I am trying to prove the following statement:
If $G$ is a torsion group and nilpotent of class $c$, then $\exp(G)$ divides $\exp(G^{\operatorname{ab}})^c$ (where $\exp$ is the exponent, i.e. the lcm of the order of the group elements, and $G^{\operatorname{ab}}$ is the abelianization of $G$).
I thought about using induction on $c$. The base case is easy: for $c=1$, $G = G^{\operatorname{ab}}$, so the statement follows. I have no idea how to do the induction step though.

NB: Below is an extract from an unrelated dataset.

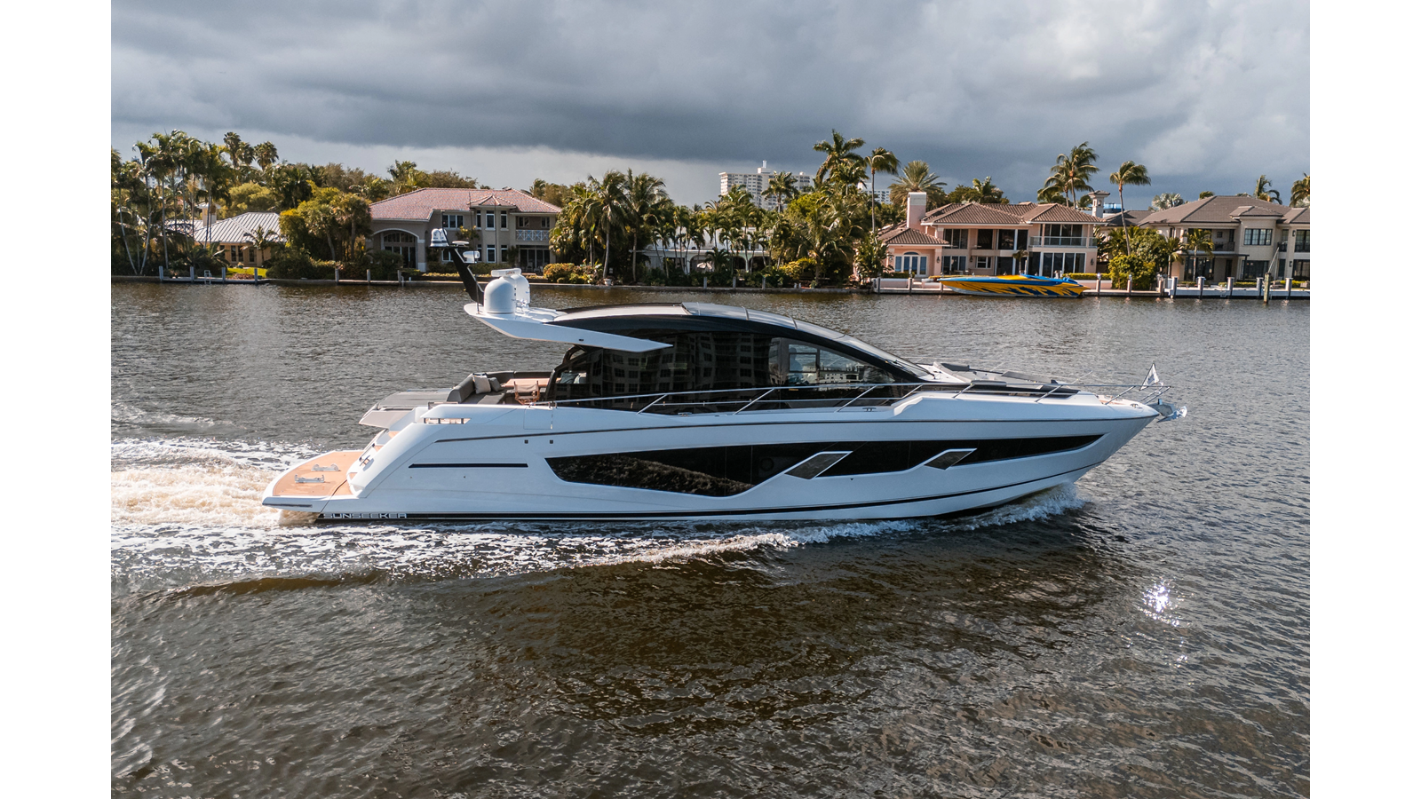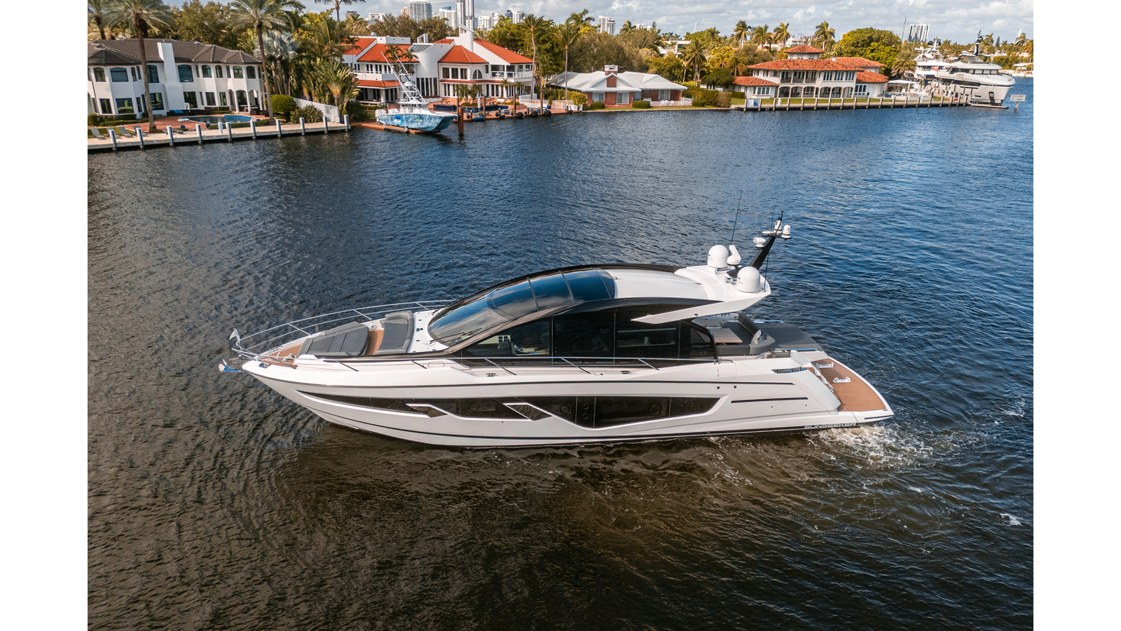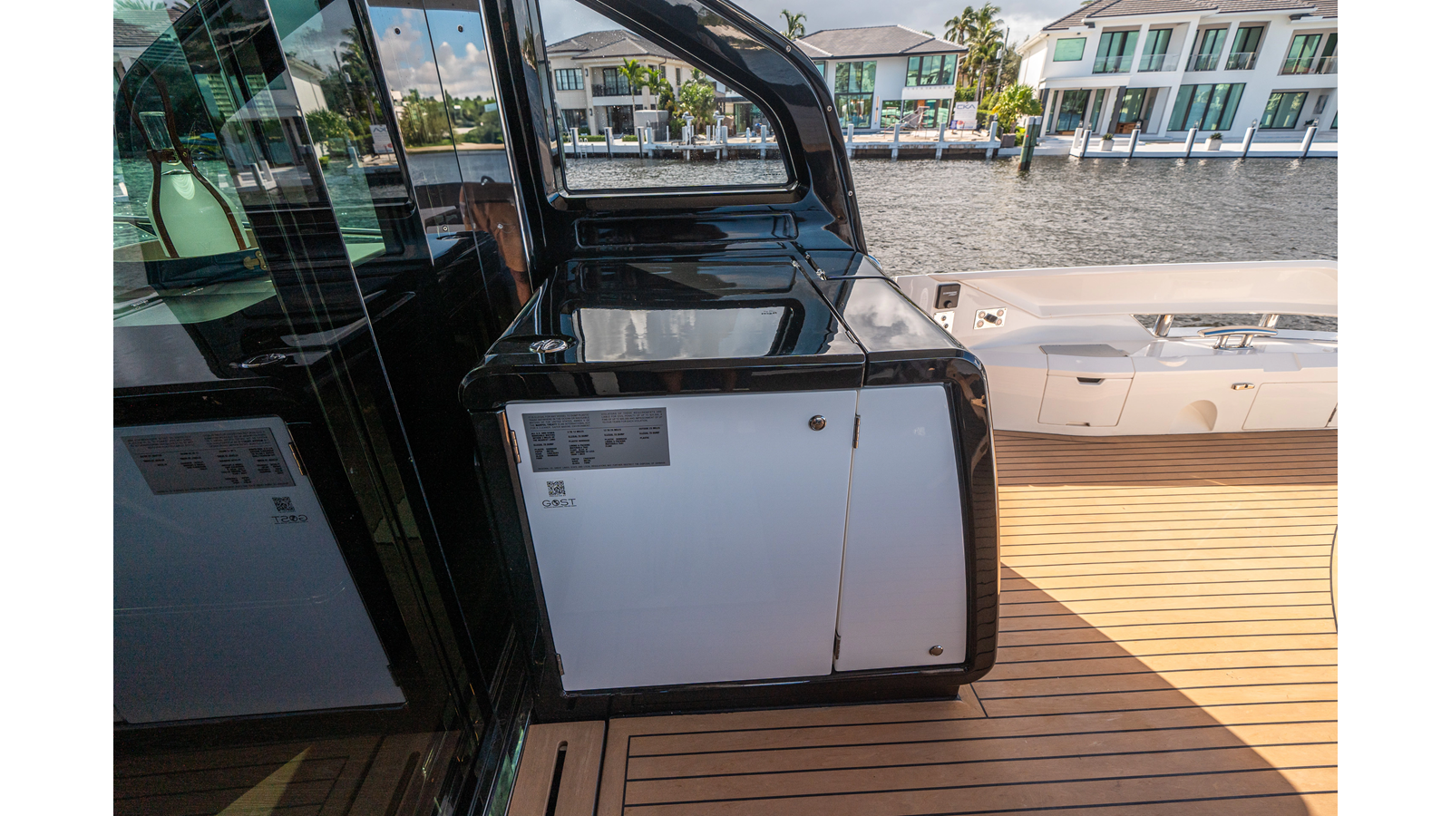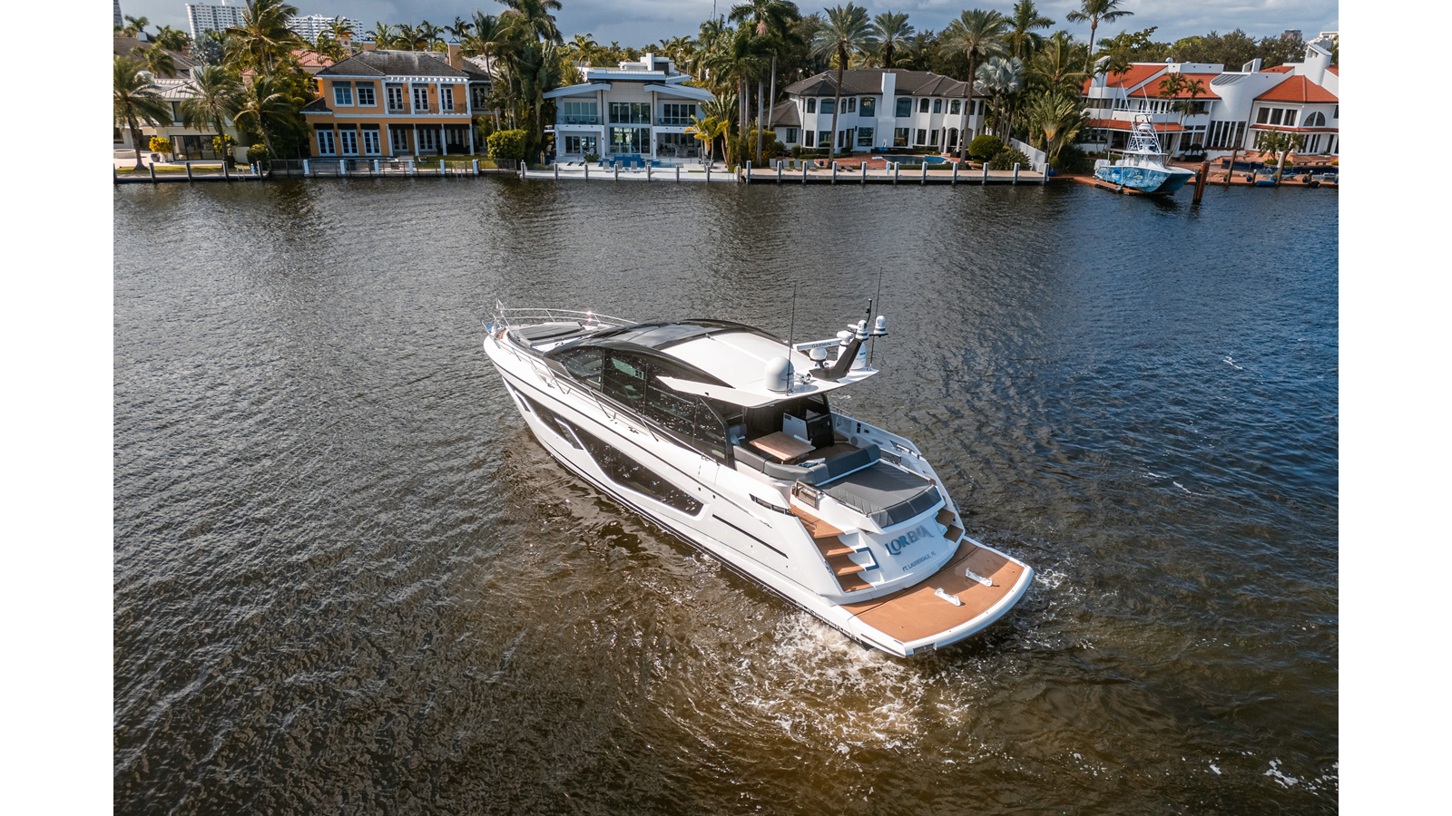 - Upgraded audio system featuring 16 JL Audio M6 speakers throughout bow, stern, and salon, powered by high-output amplifiers

Consider the lower central series of $G$, $G_1=G$, $G_2=[G,G]$, $G_{n+1} = [G_n,G]$. Since $G$ is of class $c$, $G_{c+1}=\{e\}$. Let $N=\mathrm{exp}(G^{\rm ab})$.

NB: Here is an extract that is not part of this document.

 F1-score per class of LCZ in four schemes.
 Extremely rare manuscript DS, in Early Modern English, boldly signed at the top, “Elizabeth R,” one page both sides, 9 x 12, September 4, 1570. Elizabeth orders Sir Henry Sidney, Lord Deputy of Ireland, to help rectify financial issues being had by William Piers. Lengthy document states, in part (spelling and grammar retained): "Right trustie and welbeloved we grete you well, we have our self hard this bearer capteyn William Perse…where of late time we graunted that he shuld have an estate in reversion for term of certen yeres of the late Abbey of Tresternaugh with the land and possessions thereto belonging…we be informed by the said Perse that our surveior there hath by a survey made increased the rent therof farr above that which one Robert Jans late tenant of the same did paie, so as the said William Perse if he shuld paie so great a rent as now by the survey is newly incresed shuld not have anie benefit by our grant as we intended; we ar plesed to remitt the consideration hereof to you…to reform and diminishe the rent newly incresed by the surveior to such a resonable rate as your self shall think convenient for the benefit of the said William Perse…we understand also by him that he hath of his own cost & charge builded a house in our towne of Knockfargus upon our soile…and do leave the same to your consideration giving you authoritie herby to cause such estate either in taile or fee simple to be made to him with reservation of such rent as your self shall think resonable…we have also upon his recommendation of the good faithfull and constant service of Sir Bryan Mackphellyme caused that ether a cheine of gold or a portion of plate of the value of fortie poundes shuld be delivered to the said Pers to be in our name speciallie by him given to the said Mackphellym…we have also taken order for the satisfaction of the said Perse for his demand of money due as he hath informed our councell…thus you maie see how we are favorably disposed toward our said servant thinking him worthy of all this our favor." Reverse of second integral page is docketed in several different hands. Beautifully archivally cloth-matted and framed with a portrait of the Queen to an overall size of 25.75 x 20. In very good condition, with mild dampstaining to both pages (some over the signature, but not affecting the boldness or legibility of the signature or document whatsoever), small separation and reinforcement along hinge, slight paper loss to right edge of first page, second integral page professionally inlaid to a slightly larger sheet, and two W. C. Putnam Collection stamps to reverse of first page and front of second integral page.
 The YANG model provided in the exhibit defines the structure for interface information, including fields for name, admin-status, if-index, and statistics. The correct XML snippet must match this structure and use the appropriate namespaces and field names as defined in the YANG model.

We have that $G/G_2\cong G^{\rm ab}$ has exponent $N$. Thus, for every $x\in G$, $x^N\in G_2$.
Let us look next at $G/G_3$. If $x\in G$, then $x^N\in G_2$. Now, $G_2$ is generated by elements of the form $[r,s]$ with $r\in G_1$, $s\in G$; and in $G_2/G_3$ we have $$[r,s]^N \equiv [r^N,s]\pmod{G_3}$$ and $[r^N,s]\in [G_2,G]=G_3$ so $[r,s]^N\in G_3$. And since $G_2/G_3$ is abelian, generated by elements of exponent $N$, it is itself of exponent $N$.
Thus, if $x\in G$, then $x^N\in G_2$, and $x^{N^2}=(x^N)^N\in G_3$.

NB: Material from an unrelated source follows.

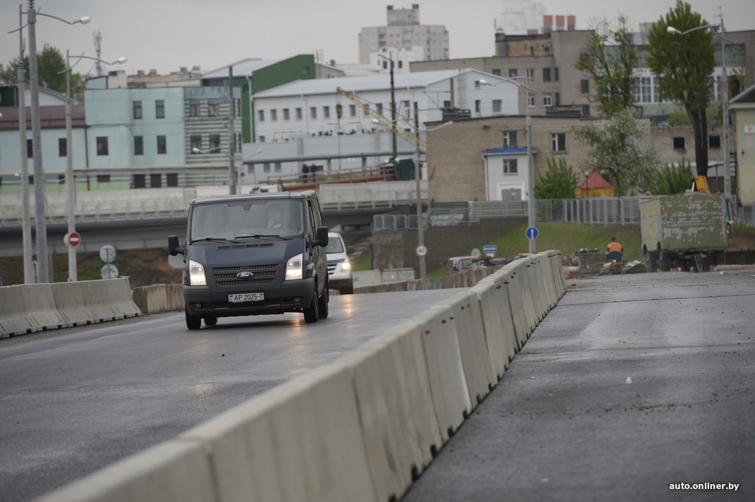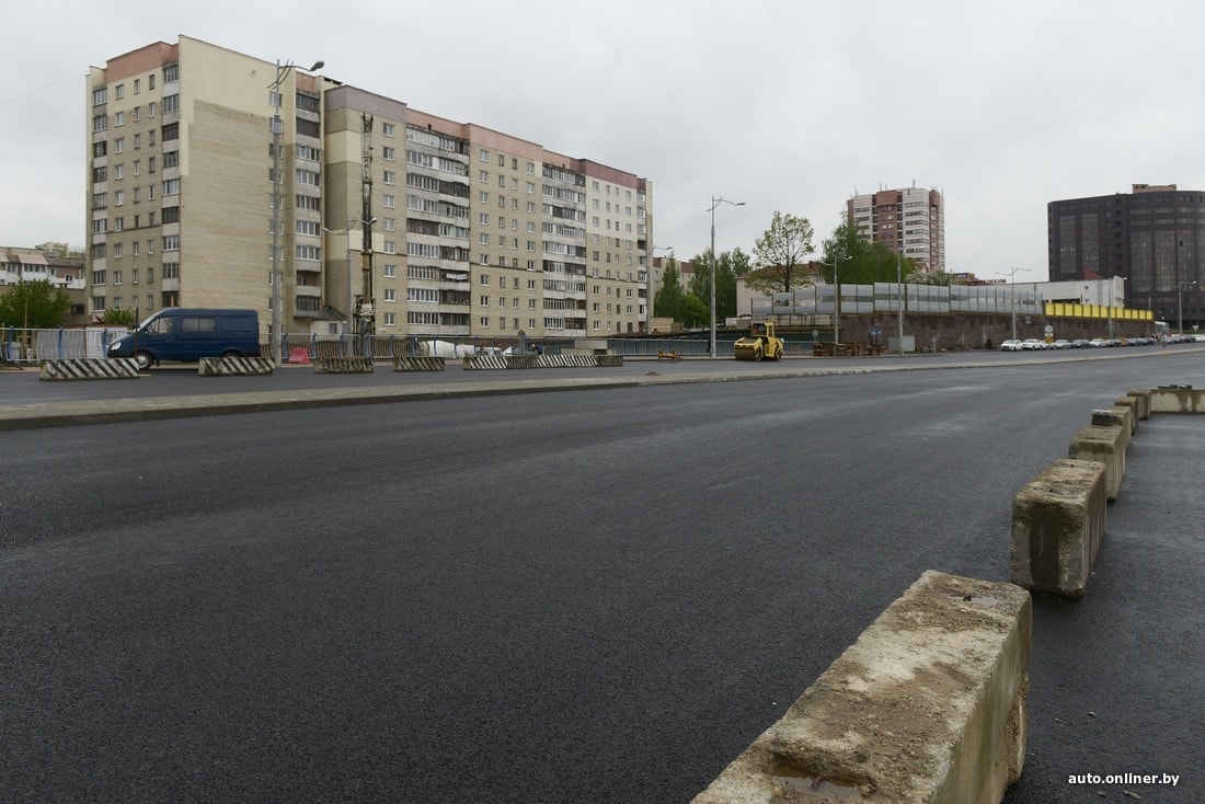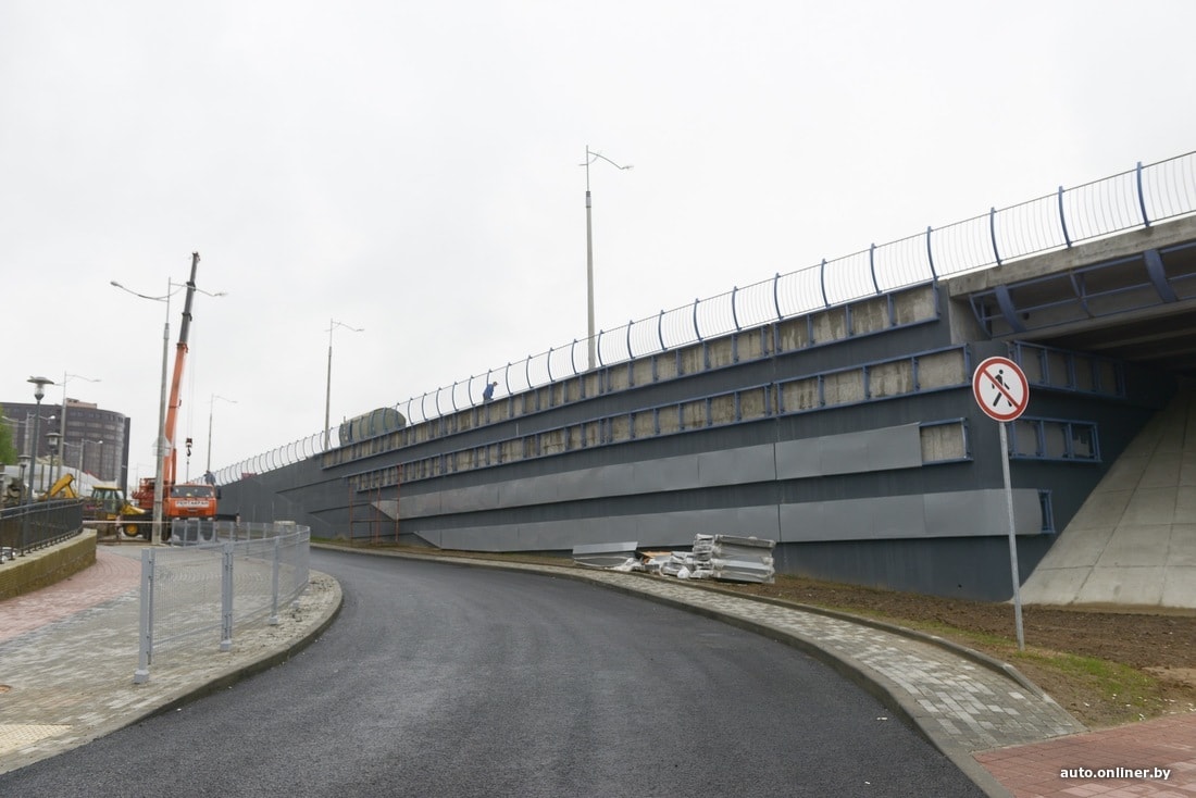 Путепровод обещали открыть к середине мая и не подвели. Это один из проектов дорожной инфраструктуры, который запустили специально незадолго до Европейских игр. Полностью работы еще не закончены, на самом путепроводе продолжают устанавливать разделительное ограждение, движение осуществляется только по двум полосам в обоих направлениях (вместо трех), благоустройство территории еще впереди. Однако проехать по мосту уже можно.

Now look at $G_3/G_4$. This is an abelian group; since $G_3$ is generated by elements of the form $[g,s]$ with $g\in G_2$, then $G_3/G_4$ is generated by their images modulo $G_4$. But we have that $$[g,s]^N \equiv [g^N,s]\pmod{G_4}$$ and $g^N\in G_3$, since $g\in G_2$. Therefore $[g,s]^N\in [G_3,G]=G_4$. Thus, for every $x\in G$, $x^{N^3}\in G_4$.
Continuing this way, we obtain that for every $x\in G$, $x^{N^c}\in G_{c+1}=\{e\}$, as desired.
You can probably frame this as a “descending induction”, by starting with elements in $G_c$ and proving they are of exponent $N$; then showing that if the elements of $G_{c-k}$ are of exponent $N^{k+1}$, with $k\lt c-1$, then the elements of $G_{c-(k+1)}$ are of exponent $N^{k+2}$; and thus concluding that the elements of $G= G_1 = G_{c-(c-1)}$ is of exponent $N^{(c-1)+1}$.